Exercise brief
Repeat the listing exactly. Any picture in it should be left out of the copy.

Provided data

········

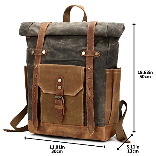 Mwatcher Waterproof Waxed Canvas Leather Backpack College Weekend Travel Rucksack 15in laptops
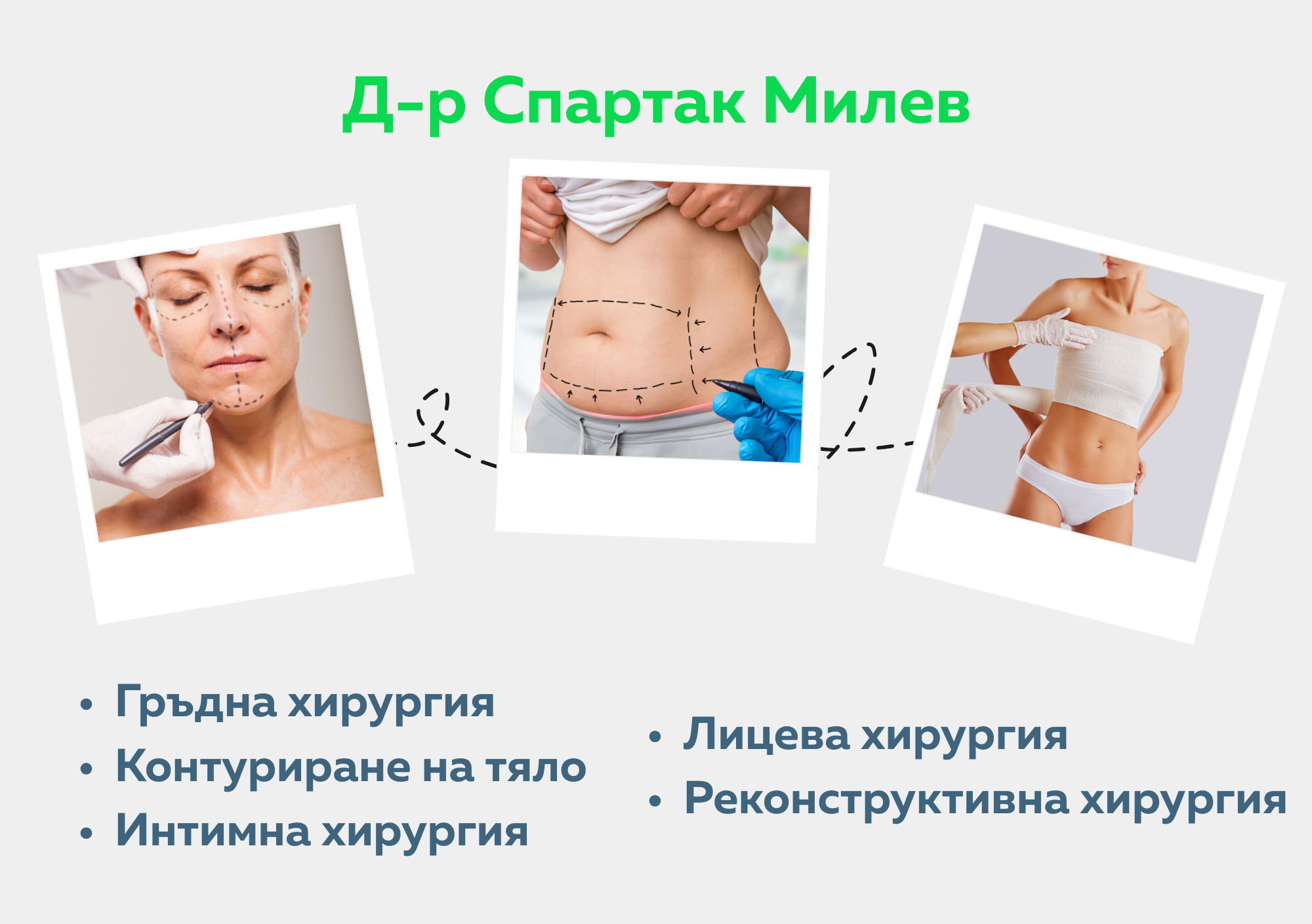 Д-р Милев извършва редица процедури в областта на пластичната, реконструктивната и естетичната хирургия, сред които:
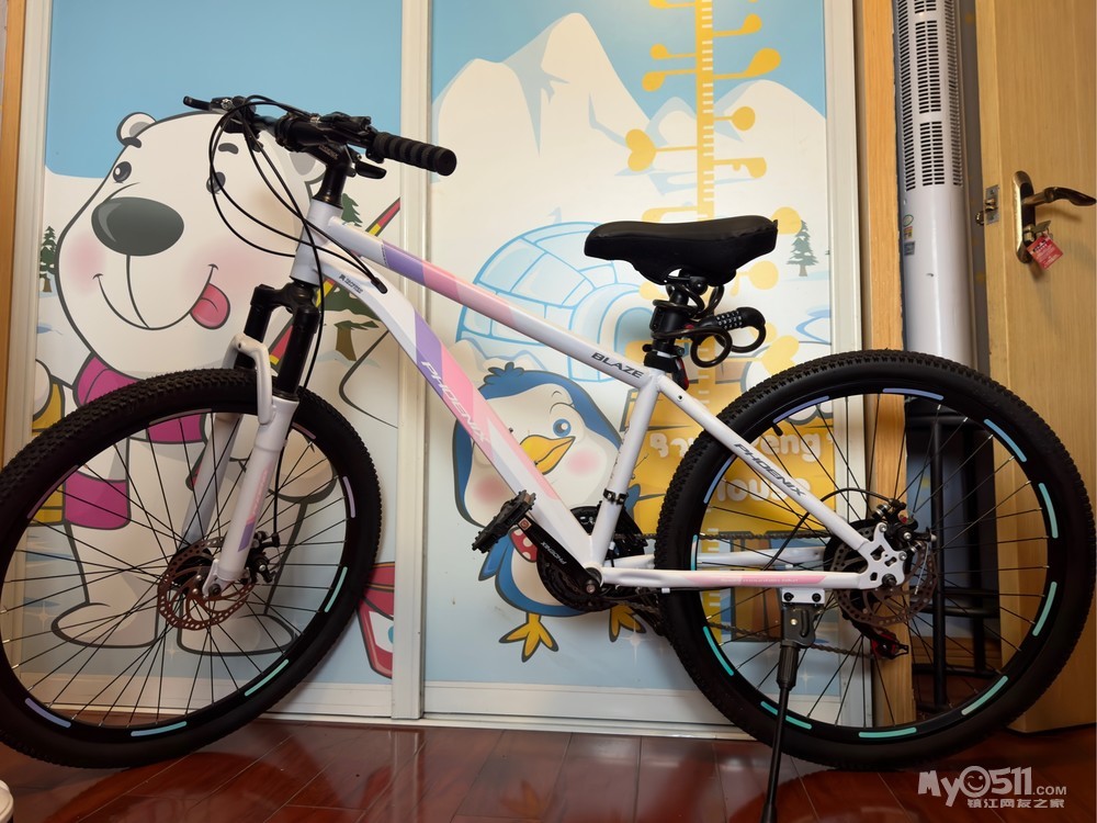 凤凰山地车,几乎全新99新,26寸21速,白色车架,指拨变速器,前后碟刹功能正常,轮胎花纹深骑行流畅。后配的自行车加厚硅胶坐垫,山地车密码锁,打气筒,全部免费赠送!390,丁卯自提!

········

Answer for this exercise
 Mwatcher Waterproof Waxed Canvas Leather Backpack College Weekend Travel Rucksack 15in laptops
 Д-р Милев извършва редица процедури в областта на пластичната, реконструктивната и естетичната хирургия, сред които:
 凤凰山地车,几乎全新99新,26寸21速,白色车架,指拨变速器,前后碟刹功能正常,轮胎花纹深骑行流畅。后配的自行车加厚硅胶坐垫,山地车密码锁,打气筒,全部免费赠送!390,丁卯自提!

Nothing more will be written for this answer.